▶ **TASK DIRECTIONS**: Skipping any pictures, repeat exactly and only the lines from the one that holds "1、先进入本站的好工匠易页面" to the last line of the material, both included.

▶ **DATA SHOWN**:
[Start of Attachment]

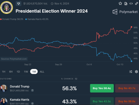 بر اساس پیشبینی بازار پلی مارکت، شانس ترامپ برای پیروزی در انتخابات ریاستجمهوری آمریکا در 15 اکتبر 13 امتیاز از شرطبندیها برای پیروزی هریس بیشتر شد.
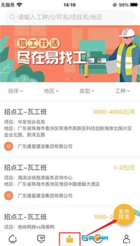 1、先进入本站的好工匠易页面,接着点击注册账号完成注册,之后找到底部的“易找工”模块并点击,就能看到发布找活的按钮了。
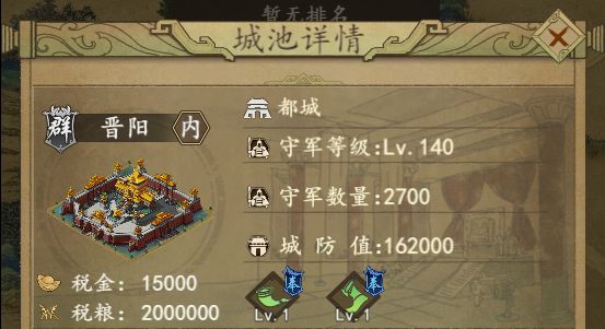1、9大都城(永昌、汉中、咸阳、晋阳、洛阳、徐州、建业、南海、苍梧)及势力都城(建业,成都,豫章)每季度可产生税金(元宝)和税粮(粮食),除要塞外其他城池每季度会产生税粮。2、每个季度22点,属于本势力的城池会将税金和税粮将存入到势力仓库。玩家充值及购买各种礼包的时也会产生部分元宝进入到势力仓库。3、每年冬季23点结算个人年度奖励,该奖励不累计。将势力仓库内所有元宝,分发给势力有年度奖励的成员

[End of Attachment]

▶ **SOLUTION**:
 1、先进入本站的好工匠易页面,接着点击注册账号完成注册,之后找到底部的“易找工”模块并点击,就能看到发布找活的按钮了。
1、9大都城(永昌、汉中、咸阳、晋阳、洛阳、徐州、建业、南海、苍梧)及势力都城(建业,成都,豫章)每季度可产生税金(元宝)和税粮(粮食),除要塞外其他城池每季度会产生税粮。2、每个季度22点,属于本势力的城池会将税金和税粮将存入到势力仓库。玩家充值及购买各种礼包的时也会产生部分元宝进入到势力仓库。3、每年冬季23点结算个人年度奖励,该奖励不累计。将势力仓库内所有元宝,分发给势力有年度奖励的成员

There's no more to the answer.